12. DIRECTORS & KEY MANAGERIAL PERSONNEL
Mr. Charudutta Naik (DIN: 00225472), Director of the Company, retires by rotation at
the ensuing Annual General Meeting (AGM) and being eligible, offers himself
for re-appointment.
During the year, Mr. Milind Naik (DIN: 00276884), who was associated with the Company
as Whole-time Director of the Company, has tendered his resignation with effect from
September 22, 2022. The Board places on record its deep appreciation and respect for the
valuable advice and guidance received from Mr. Milind Naik during his tenure as a
Whole-time Director of the Company.
The Board appointed Mr. Vikas Arora (DIN:09785527) as Whole-time Director of the
Company with effect from November 10, 2022, which was approved by the Shareholders of the
Company on February 5, 2023.
The Board appointed Mrs. Sunali Chaudhry (DIN: 7139326) as an Additional Director of
the Company with effect from September 5, 2023, subject to approval of the Shareholders at
the ensuing AGM.
Resolutions seeking Shareholders approval for their appointment/ re-appointment along
with other required details forms part of Notice.
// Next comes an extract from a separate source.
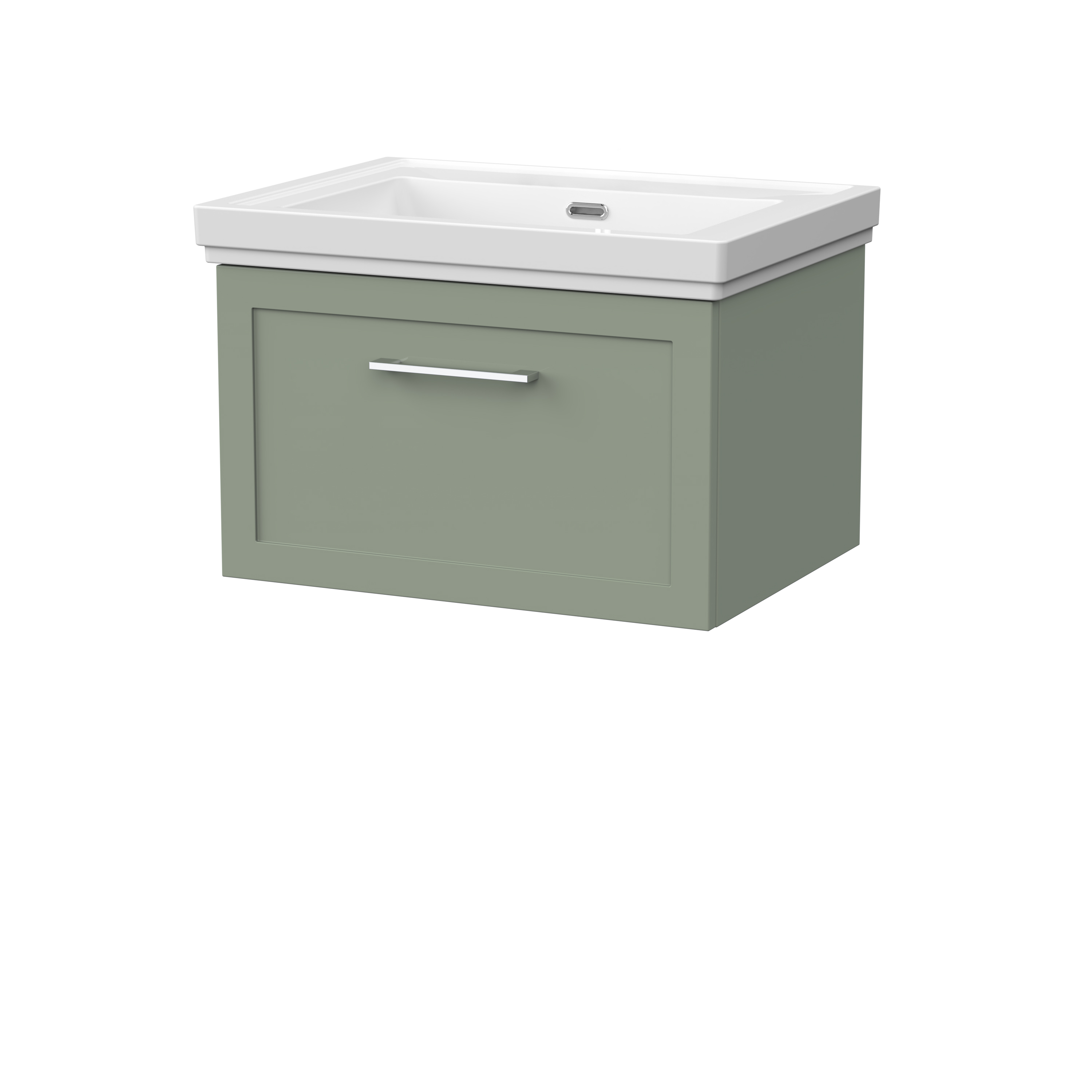 nuie Lux Larck 600mm Single Drawer Wall Hung Unit with Traditional Fireclay Basin - 0 Tap Holes - Fern Green

Pursuant to the provisions of Section 203 of the Act, currently, Mr. Vikas Arora -
Whole-time Director, Mr. Bhupendra
J. Kiny - Chief Financial Officer and Mr. Nitesh A. Mhatre - Company Secretary are the
Key Managerial Personnel of the Company.
13. DECLARATION BY INDEPENDENT DIRECTORS
All the Independent Directors of the Company have furnished a declaration to the effect
that they meet the criteria of independence as provided in Section 149(6) of the Act,
along with the Rules framed thereunder and Regulation 16(1)(b) of the Listing Regulations.
There has been no change in the circumstances affecting their status as independent
directors of the Company.
14. NUMBER OF MEETINGS OF THE BOARD
The Board of Directors met Eight (8) times during the financial year, the details of
which are given in Corporate Governance Report that forms part of this Report.
15. BOARD EVALUATION
The Board of Directors has carried out an annual evaluation of its own performance,
Board Committees and individual directors pursuant to the provisions of the Act and
Corporate Governance requirements as prescribed by the Listing Regulations.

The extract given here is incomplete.